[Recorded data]
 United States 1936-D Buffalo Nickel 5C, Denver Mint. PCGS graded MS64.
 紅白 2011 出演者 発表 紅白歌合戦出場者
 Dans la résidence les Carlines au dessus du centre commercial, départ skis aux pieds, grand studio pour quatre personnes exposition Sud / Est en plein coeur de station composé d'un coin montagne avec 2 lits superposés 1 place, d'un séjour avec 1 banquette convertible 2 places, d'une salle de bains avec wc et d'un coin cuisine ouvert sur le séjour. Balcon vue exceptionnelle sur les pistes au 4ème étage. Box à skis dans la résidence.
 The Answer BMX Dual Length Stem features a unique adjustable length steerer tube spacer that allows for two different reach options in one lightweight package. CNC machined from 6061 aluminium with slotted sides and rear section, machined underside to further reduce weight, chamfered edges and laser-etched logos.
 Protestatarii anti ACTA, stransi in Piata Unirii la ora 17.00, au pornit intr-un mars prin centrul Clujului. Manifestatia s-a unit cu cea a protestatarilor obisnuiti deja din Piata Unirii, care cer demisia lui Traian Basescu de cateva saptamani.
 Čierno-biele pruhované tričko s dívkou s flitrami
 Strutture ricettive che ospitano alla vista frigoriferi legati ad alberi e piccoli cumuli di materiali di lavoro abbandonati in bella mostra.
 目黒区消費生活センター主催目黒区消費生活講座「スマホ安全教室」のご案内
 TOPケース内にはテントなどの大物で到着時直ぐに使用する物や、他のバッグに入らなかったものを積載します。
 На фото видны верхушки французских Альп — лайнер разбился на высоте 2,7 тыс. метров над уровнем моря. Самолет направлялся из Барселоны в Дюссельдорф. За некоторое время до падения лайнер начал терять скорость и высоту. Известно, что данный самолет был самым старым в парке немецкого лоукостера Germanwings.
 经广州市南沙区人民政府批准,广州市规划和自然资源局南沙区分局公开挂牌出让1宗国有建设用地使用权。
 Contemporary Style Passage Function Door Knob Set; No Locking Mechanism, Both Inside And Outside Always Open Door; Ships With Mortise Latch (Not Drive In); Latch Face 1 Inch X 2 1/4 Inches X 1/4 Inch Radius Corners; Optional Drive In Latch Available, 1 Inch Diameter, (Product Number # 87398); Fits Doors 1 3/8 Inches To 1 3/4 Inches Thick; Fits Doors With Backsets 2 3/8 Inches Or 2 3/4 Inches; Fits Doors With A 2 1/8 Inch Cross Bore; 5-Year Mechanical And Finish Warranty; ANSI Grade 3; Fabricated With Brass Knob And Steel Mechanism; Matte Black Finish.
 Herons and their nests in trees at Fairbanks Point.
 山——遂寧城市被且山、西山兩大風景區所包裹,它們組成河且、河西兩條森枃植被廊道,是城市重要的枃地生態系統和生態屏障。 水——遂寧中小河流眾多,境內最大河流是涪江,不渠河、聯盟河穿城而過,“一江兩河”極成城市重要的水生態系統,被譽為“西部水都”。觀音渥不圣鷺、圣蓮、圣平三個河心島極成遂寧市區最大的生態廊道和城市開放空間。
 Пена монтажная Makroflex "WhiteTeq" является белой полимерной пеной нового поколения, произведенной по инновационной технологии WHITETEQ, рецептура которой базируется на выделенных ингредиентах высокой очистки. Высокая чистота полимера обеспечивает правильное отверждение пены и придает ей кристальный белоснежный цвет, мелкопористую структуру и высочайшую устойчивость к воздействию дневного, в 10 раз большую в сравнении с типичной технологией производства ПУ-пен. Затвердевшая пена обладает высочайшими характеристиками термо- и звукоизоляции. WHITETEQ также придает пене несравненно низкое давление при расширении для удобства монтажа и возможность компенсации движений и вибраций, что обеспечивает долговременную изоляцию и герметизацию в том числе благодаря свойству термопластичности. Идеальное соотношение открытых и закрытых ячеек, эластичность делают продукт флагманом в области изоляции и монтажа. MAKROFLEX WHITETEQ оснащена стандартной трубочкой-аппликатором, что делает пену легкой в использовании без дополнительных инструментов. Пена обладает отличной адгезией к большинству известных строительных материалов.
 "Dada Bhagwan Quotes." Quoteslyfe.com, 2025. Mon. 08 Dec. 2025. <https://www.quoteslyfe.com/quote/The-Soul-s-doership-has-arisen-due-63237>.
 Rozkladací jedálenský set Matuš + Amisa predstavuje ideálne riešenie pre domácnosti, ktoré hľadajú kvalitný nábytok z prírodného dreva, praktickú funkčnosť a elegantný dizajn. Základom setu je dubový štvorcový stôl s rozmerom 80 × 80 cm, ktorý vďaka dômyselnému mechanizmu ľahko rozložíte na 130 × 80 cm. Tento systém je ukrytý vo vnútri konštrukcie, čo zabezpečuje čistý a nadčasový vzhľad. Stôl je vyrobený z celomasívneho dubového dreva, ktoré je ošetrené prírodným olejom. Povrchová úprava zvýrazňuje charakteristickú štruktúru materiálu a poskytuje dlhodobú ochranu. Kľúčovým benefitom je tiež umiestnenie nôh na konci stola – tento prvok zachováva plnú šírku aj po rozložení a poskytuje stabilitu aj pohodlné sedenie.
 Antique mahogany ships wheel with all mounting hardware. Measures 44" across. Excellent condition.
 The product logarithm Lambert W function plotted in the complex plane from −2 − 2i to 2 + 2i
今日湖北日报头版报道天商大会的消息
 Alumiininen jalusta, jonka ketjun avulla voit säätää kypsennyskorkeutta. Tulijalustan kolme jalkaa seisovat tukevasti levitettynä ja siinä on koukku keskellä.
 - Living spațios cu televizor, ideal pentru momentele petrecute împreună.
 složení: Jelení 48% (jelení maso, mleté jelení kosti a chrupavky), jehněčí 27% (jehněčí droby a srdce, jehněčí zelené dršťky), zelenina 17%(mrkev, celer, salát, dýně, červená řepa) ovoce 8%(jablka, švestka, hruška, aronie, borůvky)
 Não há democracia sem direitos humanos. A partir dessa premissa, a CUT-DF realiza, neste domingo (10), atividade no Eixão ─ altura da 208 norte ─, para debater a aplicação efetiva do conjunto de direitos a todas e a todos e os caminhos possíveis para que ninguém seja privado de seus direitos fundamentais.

## PROBLEM:
Render the whole set of entries again, exactly as given.

## EXPECTED OUTPUT:
 United States 1936-D Buffalo Nickel 5C, Denver Mint. PCGS graded MS64.
 紅白 2011 出演者 発表 紅白歌合戦出場者
 Dans la résidence les Carlines au dessus du centre commercial, départ skis aux pieds, grand studio pour quatre personnes exposition Sud / Est en plein coeur de station composé d'un coin montagne avec 2 lits superposés 1 place, d'un séjour avec 1 banquette convertible 2 places, d'une salle de bains avec wc et d'un coin cuisine ouvert sur le séjour. Balcon vue exceptionnelle sur les pistes au 4ème étage. Box à skis dans la résidence.
 The Answer BMX Dual Length Stem features a unique adjustable length steerer tube spacer that allows for two different reach options in one lightweight package. CNC machined from 6061 aluminium with slotted sides and rear section, machined underside to further reduce weight, chamfered edges and laser-etched logos.
 Protestatarii anti ACTA, stransi in Piata Unirii la ora 17.00, au pornit intr-un mars prin centrul Clujului. Manifestatia s-a unit cu cea a protestatarilor obisnuiti deja din Piata Unirii, care cer demisia lui Traian Basescu de cateva saptamani.
 Čierno-biele pruhované tričko s dívkou s flitrami
 Strutture ricettive che ospitano alla vista frigoriferi legati ad alberi e piccoli cumuli di materiali di lavoro abbandonati in bella mostra.
 目黒区消費生活センター主催目黒区消費生活講座「スマホ安全教室」のご案内
 TOPケース内にはテントなどの大物で到着時直ぐに使用する物や、他のバッグに入らなかったものを積載します。
 На фото видны верхушки французских Альп — лайнер разбился на высоте 2,7 тыс. метров над уровнем моря. Самолет направлялся из Барселоны в Дюссельдорф. За некоторое время до падения лайнер начал терять скорость и высоту. Известно, что данный самолет был самым старым в парке немецкого лоукостера Germanwings.
 经广州市南沙区人民政府批准,广州市规划和自然资源局南沙区分局公开挂牌出让1宗国有建设用地使用权。
 Contemporary Style Passage Function Door Knob Set; No Locking Mechanism, Both Inside And Outside Always Open Door; Ships With Mortise Latch (Not Drive In); Latch Face 1 Inch X 2 1/4 Inches X 1/4 Inch Radius Corners; Optional Drive In Latch Available, 1 Inch Diameter, (Product Number # 87398); Fits Doors 1 3/8 Inches To 1 3/4 Inches Thick; Fits Doors With Backsets 2 3/8 Inches Or 2 3/4 Inches; Fits Doors With A 2 1/8 Inch Cross Bore; 5-Year Mechanical And Finish Warranty; ANSI Grade 3; Fabricated With Brass Knob And Steel Mechanism; Matte Black Finish.
 Herons and their nests in trees at Fairbanks Point.
 山——遂寧城市被且山、西山兩大風景區所包裹,它們組成河且、河西兩條森枃植被廊道,是城市重要的枃地生態系統和生態屏障。 水——遂寧中小河流眾多,境內最大河流是涪江,不渠河、聯盟河穿城而過,“一江兩河”極成城市重要的水生態系統,被譽為“西部水都”。觀音渥不圣鷺、圣蓮、圣平三個河心島極成遂寧市區最大的生態廊道和城市開放空間。
 Пена монтажная Makroflex "WhiteTeq" является белой полимерной пеной нового поколения, произведенной по инновационной технологии WHITETEQ, рецептура которой базируется на выделенных ингредиентах высокой очистки. Высокая чистота полимера обеспечивает правильное отверждение пены и придает ей кристальный белоснежный цвет, мелкопористую структуру и высочайшую устойчивость к воздействию дневного, в 10 раз большую в сравнении с типичной технологией производства ПУ-пен. Затвердевшая пена обладает высочайшими характеристиками термо- и звукоизоляции. WHITETEQ также придает пене несравненно низкое давление при расширении для удобства монтажа и возможность компенсации движений и вибраций, что обеспечивает долговременную изоляцию и герметизацию в том числе благодаря свойству термопластичности. Идеальное соотношение открытых и закрытых ячеек, эластичность делают продукт флагманом в области изоляции и монтажа. MAKROFLEX WHITETEQ оснащена стандартной трубочкой-аппликатором, что делает пену легкой в использовании без дополнительных инструментов. Пена обладает отличной адгезией к большинству известных строительных материалов.
 "Dada Bhagwan Quotes." Quoteslyfe.com, 2025. Mon. 08 Dec. 2025. <https://www.quoteslyfe.com/quote/The-Soul-s-doership-has-arisen-due-63237>.
 Rozkladací jedálenský set Matuš + Amisa predstavuje ideálne riešenie pre domácnosti, ktoré hľadajú kvalitný nábytok z prírodného dreva, praktickú funkčnosť a elegantný dizajn. Základom setu je dubový štvorcový stôl s rozmerom 80 × 80 cm, ktorý vďaka dômyselnému mechanizmu ľahko rozložíte na 130 × 80 cm. Tento systém je ukrytý vo vnútri konštrukcie, čo zabezpečuje čistý a nadčasový vzhľad. Stôl je vyrobený z celomasívneho dubového dreva, ktoré je ošetrené prírodným olejom. Povrchová úprava zvýrazňuje charakteristickú štruktúru materiálu a poskytuje dlhodobú ochranu. Kľúčovým benefitom je tiež umiestnenie nôh na konci stola – tento prvok zachováva plnú šírku aj po rozložení a poskytuje stabilitu aj pohodlné sedenie.
 Antique mahogany ships wheel with all mounting hardware. Measures 44" across. Excellent condition.
 The product logarithm Lambert W function plotted in the complex plane from −2 − 2i to 2 + 2i
今日湖北日报头版报道天商大会的消息
 Alumiininen jalusta, jonka ketjun avulla voit säätää kypsennyskorkeutta. Tulijalustan kolme jalkaa seisovat tukevasti levitettynä ja siinä on koukku keskellä.
 - Living spațios cu televizor, ideal pentru momentele petrecute împreună.
 složení: Jelení 48% (jelení maso, mleté jelení kosti a chrupavky), jehněčí 27% (jehněčí droby a srdce, jehněčí zelené dršťky), zelenina 17%(mrkev, celer, salát, dýně, červená řepa) ovoce 8%(jablka, švestka, hruška, aronie, borůvky)
 Não há democracia sem direitos humanos. A partir dessa premissa, a CUT-DF realiza, neste domingo (10), atividade no Eixão ─ altura da 208 norte ─, para debater a aplicação efetiva do conjunto de direitos a todas e a todos e os caminhos possíveis para que ninguém seja privado de seus direitos fundamentais.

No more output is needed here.